When I first got Chulita she had some tear stains. I already knew that it would be from any stress that she may have had due to her flight, adjusting to her new enviorment and most importantly TEETHING. I had not yet discovered SM and so someone told me to use the peroxide. So I went to the drug store and got the brown bottle of peroxide and some cotton balls. I tried it for just a few days but gave up. It helped VERY LITTLE and I DID NOT LIKE how hard it make the hair around her eyes. Next I tried Eye Envy. Which only lighten the stain to pinkish color. I didn't want to give her anything orally because of her age at the time (2 months) and I kept saying to myself she was still teething. I kept up with the Eye Envy, cleaning around her eyes and trying to keep them dry as much as possible. Around 5-6 months old I finally had enough and started her on Angels Glow. After only 1 week I started to see slight improvements, by the time she was on it 1 month her face was completely white. I never had to give it to her again. In my opinion that stuff TRULY, TRULY works. Alot of memebers have had the same results.


----------



## saltymalty (Sep 14, 2004)

We also used Angel's Glow for tear staining. I haven't given it in months and months but if the staining does come back, usually a couple of days on AG is all it takes. I do use Fresh Eyes to wash her eye area every day. I find it helps to rinse out the gunk and hairs that get in there. I also notice that the cotton balls turn a very slight pink color and when her face dries, it is crystal clear. So I guess it pick up and rinses out whatever may be brewing in there. I did try the peroxide solution for a bit, but it is very drying.


----------



## hambys97 (Feb 25, 2005)

> We also used Angel's Glow for tear staining. I haven't given it in months and months but if the staining does come back, usually a couple of days on AG is all it takes. I do use Fresh Eyes to wash her eye area every day. I find it helps to rinse out the gunk and hairs that get in there. I also notice that the cotton balls turn a very slight pink color and when her face dries, it is crystal clear. So I guess it pick up and rinses out whatever may be brewing in there. I did try the peroxide solution for a bit, but it is very drying.[/B]
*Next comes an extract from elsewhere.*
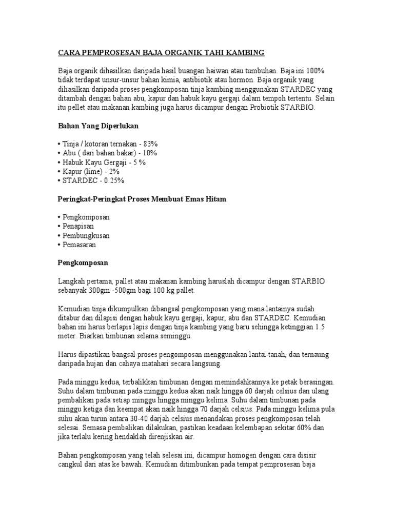 Cara membuat kompos dari kotoran kambing tak banyak yang tahu bahwa kotoran kambing yang kelihatannya tidak bermanfaat sama sekali ternyata sangat bermanfaat untuk tanaman. Jika kita kira balik sebanyak sembilan tan metrik tinja mentah mampu menghasilkan 10 5 tan metrik baja organik setelah di proses dengan baik menggunakan kaedah yang betul. Berikut adalah contoh baja organik dan fungsi pada tanaman.

When you say that the cotton balls turn a very slight pink color, does that mean you put the Fresh Eyes on the cotton ball, or do you put the Fresh Eyes directly into her eyes and then use the cotton ball to kind of dry the area? Also, do you find the Fresh Eyes to be drying to the hair at all?
Thanks for the additional information.


----------



## Dove (Feb 12, 2006)

Thanks to everyone for you comments...I started Di back on Angel glow yesterday because when I got her tear ducts flushed I also got her baby teeth pulled and at her age I think she is done teething...I went ahead and started using the peroxide today just to help lighten the real dark staining that she has so when it starts to lighten some I will quit using it...Now I have 3 leave in conditioners which one or ones should I use after the peroxide....Ice on Ice, Pet Silk, Pantene Smooth Start, Dove Smooth and Soft I also have another one but I can't find it right now I am thinking that it is Bio Groom but not sure...I also haveSilk Spirits....How should I do it so that it is best for the hair...


----------



## Cosy (Feb 9, 2006)

If we're talking actual tear stain removal (not the cure but removal pre-existing stains)
try 1 tbsp milk of magnesia, 1 tblsp hyrodegen peroxide (medicinal) and mix in corn
starch to make a paste. Apply mixture to the stained areas and leave on overnight.
Wash out in the morning. You may need to repeat for a couple days. Then, condition
the hair as peroxide is drying.


----------



## Dove (Feb 12, 2006)

> If we're talking actual tear stain removal (not the cure but removal pre-existing stains)
> try 1 tbsp milk of magnesia, 1 tblsp hyrodegen peroxide (medicinal) and mix in corn
> starch to make a paste. Apply mixture to the stained areas and leave on overnight.
> Wash out in the morning. You may need to repeat for a couple days. Then, condition
> the hair as peroxide is drying.[/B]



I have used that mix on her before but she really really hates it so I wanted something that might be a little easier on her...And yes I am talking about removing pre-existing stains...When I got her ducts flushed the vet said they were fine no blockage or anything wrong with them so I am guessing that the staining is due to teething....


----------



## sassy's mommy (Aug 29, 2005)

I think what the vet was saying is that the peroxide will kill the bacteria.....not remove the stains. The wet hair under the eye is causing bacteria to grow and that is causing the staining. About all peroxide will do to stains is turn them orange.


----------



## MissMelanie (Feb 13, 2006)

> > index.php?act=findpost&pid=220985
> 
> 
> 
> ...


 *Angels Eyes is the only thing that did what it claimed it would do.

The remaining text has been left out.